Specific Node Allocation
Refers to the user explicitly choosing the nodes on which the job will run. This is most typically done by placing the node names in a host list file.

Non-Specific Node Allocation
Refers to the Resource Manager automatically selecting the nodes which will be used to run a user job.

Home Node
The SP node where you start your POE job. Generally, this is the SP node where you are currently logged in.

Remote Node
Any other non-home node in your partition.

RM Agent
A pmd2 process (called the Partition Manager daemon) is automatically started for each remote task in the partition. It receives the user's environment, validates the user, and executes the program requested for the particular task. The daemon terminates when the partition is released.

Processor Pool
The local systems administrator may divide the processor nodes into disjoint pools of processors for management purposes. If this is the case, you may then request that your parallel tasks run on specific pools. You may determine your system's pools and associated nodes by using the command:
    
    jm_status -P 
    

Communication SubSystem (CSS)
The Communication SubSystem (CSS) is the set of library routines which implement one of the two protocols for message passing communications between SP nodes. The two different protocols are User Space Protocol and Internet Protocol.

User Space Protocol
The fastest method of communication between nodes. Can be used only with the high performance switch. Often referred to simply as US protocol.

Internet Protocol
A slower method of communication between nodes. Can be used with ethernet or the high performance switch. Often referred to simply as IP protocol.

Executing Parallel Programs Using POE

In order to execute a parallel program, you need to:

  1. Set your path to include the necessary POE executables.

  2. Create a .rhosts file

  3. Compile and link the program using one of the POE compile scripts.

  4. Set up your execution environment by setting the necessary POE environment variables.
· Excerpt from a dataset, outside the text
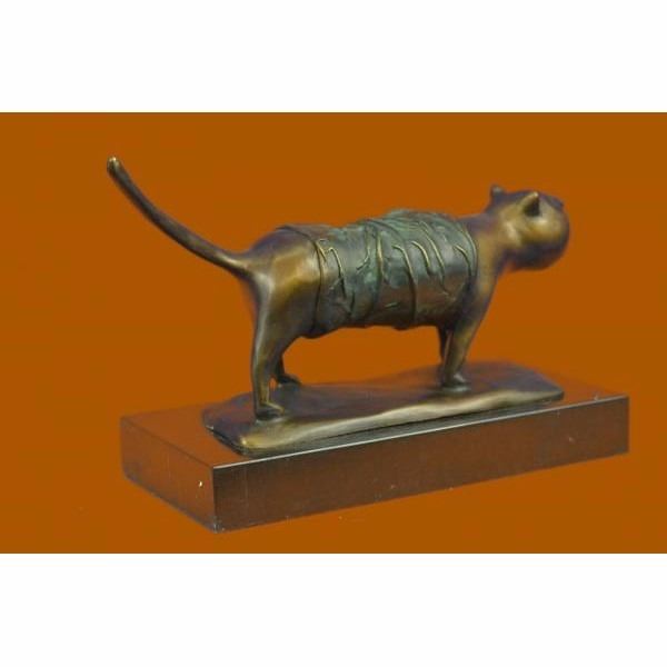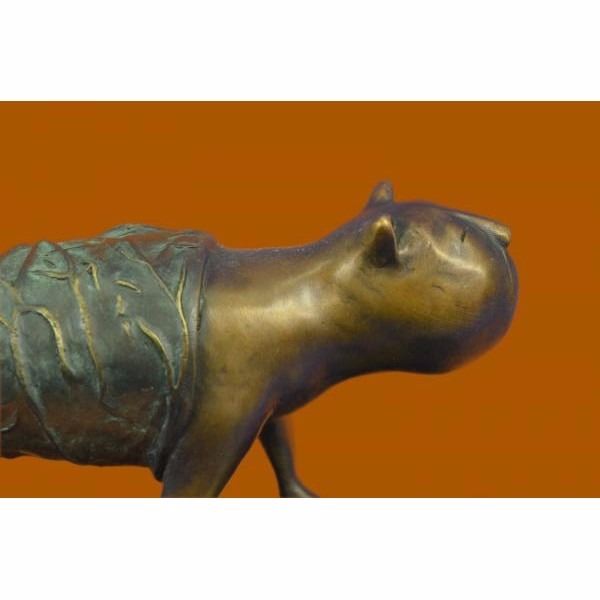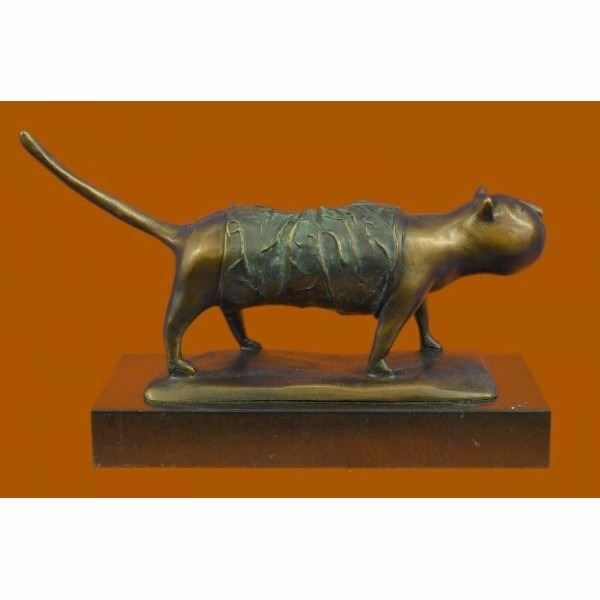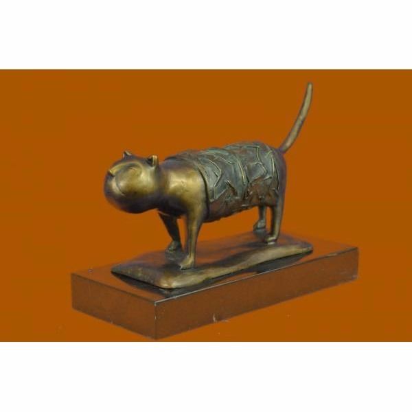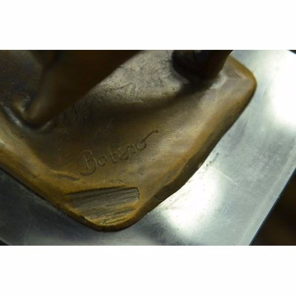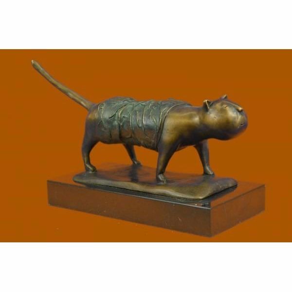 This cat is a bronze figure, modeled after the so-called "Fat Cat" by Fernando Botero. The Colombian artist is famous for its over-sized human and animal figures. In addition to cats, he has represented horses and birds in a grotesque opulence, which can be seen for example in Berlin and Singapore in public places. The sculpture on the left is signed at the same place like the original.The product is poured by hand and was cast in bronze using the lost wax method, which guarantees a high degree of dimensional accuracy and surface quality. The production is subject to our strict quality guidelines. Condition: This sculpture is in perfect condition. Bronze Dimensions with Marble Base:Height 7" x Width 11" Marble Dimensions:9" X 4.5" Height without base: 6" Weight : 9 LBS Inventory : 65AL4204256

  5. Create a host list file (optional)

  6. Invoke the executable

Setting Your Path


Creating a .rhosts File


Compiling and Linking a Parallel Program


Setting Environment Variables


Some Preset POE Environments


The Host List File


Invoking the Executable

Once the environment is setup and the executables are created, invoking the executables is relatively easy.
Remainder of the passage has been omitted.